Roundtables

Open RAN: The final frontier

How Open RAN is changing the world of telecommunications, one network at a time.

09 March 2022

In the very simplest of terms, a communication network is a set of interconnected nodes that exchange data. When a telco builds a mobile network, the most expensive part is the radio access network (RAN). This is the radio base station, which connects users to the core network. Telcos have traditionally used proprietary appliances in their networks. These boxes are expensive, and are only made by a handful of suppliers. It’s also worth remembering that telco networks have to be extremely reliable, with very little downtime, perhaps just 30 seconds a year. The networks also have to be able to handle the scale; imagine if most of South Africa’s 54 million-odd cellphone users are all on the line? A couple of years ago, the industry began to virtualise its network services. This is known as network functions virtualisation (NFV). Telcos are now able to use virtual machines for some services, such as routers, firewalls, caching, for example, and these can be run on standard, non-proprietary servers. Now, the radio access network is being virtualised, and this is known as Open RAN. It’s a complicated area, and is awash in an alphabet soup of acronyms, which is one reason why Brainstorm assembled a panel of industry experts to make sense of it all.
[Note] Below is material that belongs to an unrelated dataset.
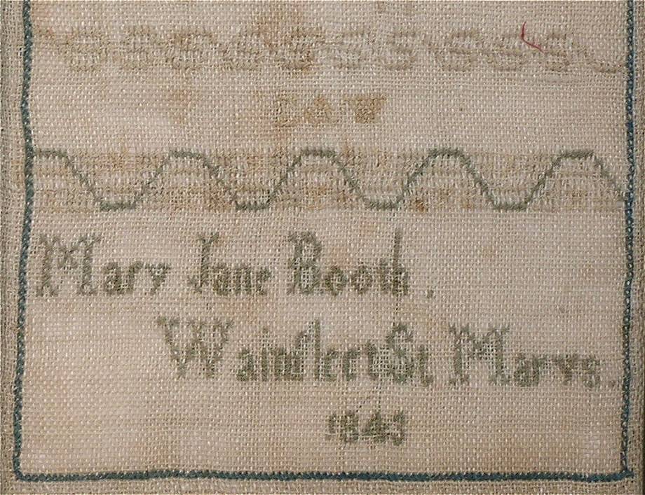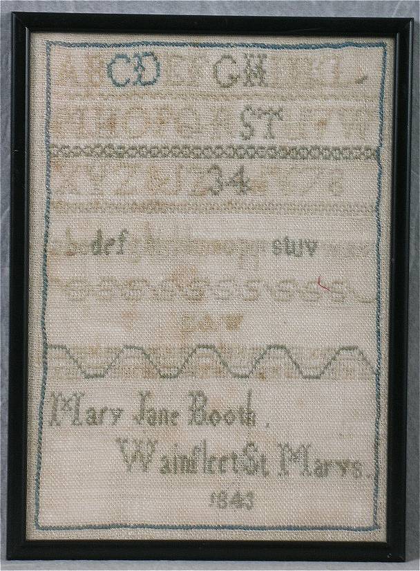 'Mary Jane Booth . Wainsleet St Marys . 1843'.

At the outset, it may also be worth dealing with the nomenclature: O-RAN refers to the ORAN Alliance standards body, which is working on the Open RAN specifications. Then there’s OpenRAN, which is the way the collaborative industry group the Telecom Infra Project (TIP) prefers to write it. Finally, there’s vRAN, which stands for virtualised radio access networks, which allows telcos to run their baseband functions as software. Open RAN also opens the door to 5G, but as Anthony Laing, GM: Networking, at NEC XON, says, a lot of people mention Open RAN and 5G in the same breath, yet they’re actually different technologies. Telcos and mobile operators will typically pick one, two, or, if they’re brave, three vendors, and then they’d be locked into using their equipment, he adds.